Teror Geng Motor, Focus Group Discussion

 Kategori Lainnya, Pendidikan, Sosial

Pada 8 November 2018, Divisi Humas Mabes POLRI melaksanakan Focus Group Discussion (FGD)  dengan tema “Penanggulangan Teror Geng Motor Demi Memberikan Rasa Aman dan Terwujudnya Kamtibmas,” di Menara 165 Jakarta.

Acara tersebut dibuka Kepala Divisi Humas Mabes POLRI  IRJEN Polisi Setyo Wasisto, yang sebentar lagi sesuai Keputusan Presiden RI akan dilantik menjadi salah satu Direktur Jenderal di Kementerian Perindustrian RI.

Musni Umar,  Sosiolog dan Rektor Universitas Ibnu Chaldun Jakarta menjadi narasumber utama dalam FGD dengan moderator Dr.  Devi Rahmawati.

Turut  berbicara dalam forum itu Dr. Juandaninsyah dari Kementerian Pendidikan dan Kebudayaan RI,  Henny Adi Hermanoe,  Sekjen Lembaga Perlindungan Anak Indonesia, dan AKP Andhiek Budy Kurniawan dari Bariskrim Polri.

Dalam FGD itu,  saya menyampaikan Pointers FGD dengan judul “Geng Motor,” yang secara lengkap saya muat dalam tulisan ini.

Geng motor merupakan fenomena global yang ada di hampir semua negara.

Geng motor ini lahir,  tumbuh dan berkembang dari kaum muda yang sering kumpul dan nongkrong.

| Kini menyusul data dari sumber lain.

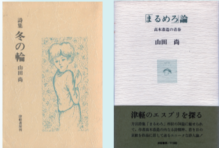
『冬の輪』 津軽書房 (昭和58年11月20日) 『まるめろ論 高木恭造の青春』 津軽書房 (昭和54年6月30日)

本展は、令和6年1月に逝去した山田尚を追悼し、その詩業を中心に文学的業績を概観するものです。

Perkembangan geng motor di Indonesia sangat pesat. Paling tidak dipengaruhi oleh sepuluh faktor:

Pertama,  imitasi.
Kedua,  lingkungan
Ketiga,  budaya
Keempat,  pelarian
Kelima, orang tua tidak tahu mau melakukan apa utk cegah anak terlibat di geng motor
Keenam, lingkungan anggap mereka sudah rusak
Ketujuh,  pengangguran dan kemiskinan.
Kedelapan, pemerintah tidak tahu mau melakukan apa.
Kesembilan, pembiaran
Kesepuluh, stres, putus asa.

Anak remaja yang sedang tumbuh dan dalam suasana pancaroba membutuhkan kehangatan,  keakraban dan rasa aman dalam keluarga dan lingkungan.

Akhiri Teror Geng Motor

Untuk mengakhiri teror geng motor, disarankan untuk dilakukan sebagai berikut:

1. Mengembalikan fungsi keluarga dan sekolah sebagai pusat pendidikan akhlak dan nilai-nilai agama.
2.  Menciptakan lingkungan sosial yang peduli terhadap geng motor.
3.  Orang tua harus diberi pendidikan cara mendidik anak agar tidak salah asuh.
4.  Kolaborasi dan sinergi antara orang tua,  sekolah,  masyarakat, polisi dan pemerintah untuk membina geng motor.
5.  Memasukkan mereka ke kem motivasi utk mengubah mindset dan prilaku.
6.  Melatih mereka supaya memiliki kepakaran (skill)
7.  Memberi mereka lokasi tempat berusaha atau lapangan kerja.
8.  Menumbuhkan suasana keluarga yang hangat, akrab,  dan aman.
8.  Melakukan intervensi untuk membina mereka. Tidak boleh ada pembiaran.
9.  Melatih mereka yang memiliki talenta jadi pembalap daerah dan nasional
10. Mengobati mereka yang sudah terlibat Narkoba dan stres agar kembali sehat rohani dan jasmani.